Вопрос о событиях, что произошли в Иерусалиме без малого две тысячи лет назад, -- не академический. За ними тянется шлейф племенной и религиозной ненависти, он и сегодня дымится кровью. Чарльз Краутхаммер озаглавил свою статью без всякой иронии: «Кровавый навет Гибсона».
Сага о трехстах миллионах.
В уже цитированном интервью с Дайан Сойер Гибсон сказал, что хотел шокировать публику. Этой цели он достиг, но ничего сверх этого. С чисто кинематографической точки зрения его «Страсти Христовы» -- это поделка средней руки, даже ниже среднего. Ведущие роли в фильме играют первоклассные актеры Джим Кавизел и Майа Моргенстерн, но Гибсон не дал им реализовать свои дарования. В фильме не раскрываются характеры действующих лиц, их психология, нюансы душевных движений – актерам не на чем себя проявить. Персонажи фильма предельно схематичны, они только кирпичики, из которых режиссер складывает постройку.
Мэл Гибсон давно и прочно входит в десятку наиболее популярных киноактеров, а в 2003 году оказался на первом месте, впереди Джулии Робертс, Шона Коннери и других звезд первой величины. Как кинорежиссер и продюсер Гибсон тоже в числе ведущих. Несмотря на это, фильм отвергли основные голливудские фирмы, после чего Гибсон решил вложить в создание картины собственные капиталы. Расходы составили 25 миллионов долларов, и он выложил их не затем, чтобы потерять. Он сообразил или чутьем угадал, что в век глобального террора, замешанного на религиозный ненависти вообще, и к евреям в особенности, нет лучшего помещения капитала, как в кровь Иисуса Христа.

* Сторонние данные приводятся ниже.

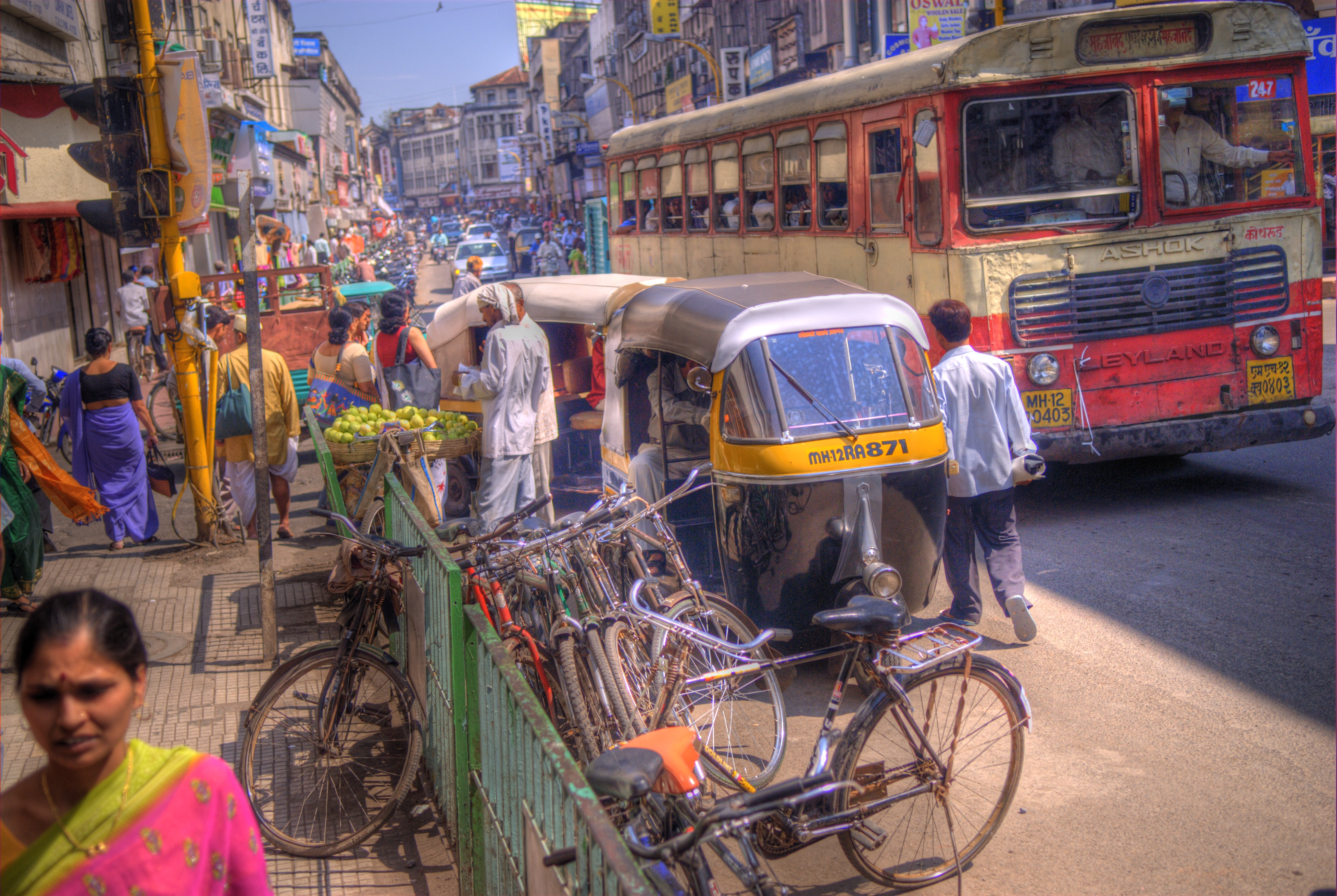 The traffic on the streets of Pune is busy with rickshaws, bicycles, buses and pedestrians. November 2006.
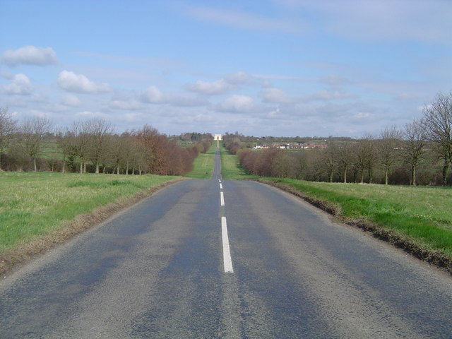 Stowe Avenue. Looking towards the Corinthian Arch 152775 with Chackmore village to the right.

Но чтобы миллионы людей понесли свои доллары в кассы кинотеатров, нужна реклама, по возможности бесплатная. Тут Гибсон и показал себя гениальным режиссером. Бесплатную рекламу приносит скандал, причем, не одномоментный, который быстро забывается, а медленно нарастающий, растянутый во времени, хорошо раскрученный. Он и был мастерски разыгран по законам классической драмы, где ружье, висящее на стене в первом акте, выстреливает в последнем. За полгода до выпуска фильма в прокат пошли слухи о его «контраверсности». Закрытые демонстрации в тщательно отселлектированных аудиториях спровоцировали некоторых еврейских и христианских лидеров на тревожные предостережения, которые, конечно, вызвали возражения. С интернетовских сайтов и малотиражных изданий зарождавшийся скандал вокруг почти никем еще не виденной ленты перешел в программы ведущих телеканалов. Таково было начало многоходовой комбинации.
Своевременно и расчетливо была задействована собственная религиозность Мэла Гибсона. Он, как оказалось, католик, но не такой, как основная масса католиков, а особенный, твердокаменный, так сказать, католический саддукей. Чтобы пролить свет на особенности этой особой ветви католицизма, на телеэкраны вытащили Гибсона-старшего, и он бойко объяснил, что холокост – это выдумка евреев. Сын в нашем цивилизованном мире за отца не отвечает; но принадлежность обоих к одной и той же религиозной группе наводит на мысль, что между ними не только биологическое, но и духовное родство.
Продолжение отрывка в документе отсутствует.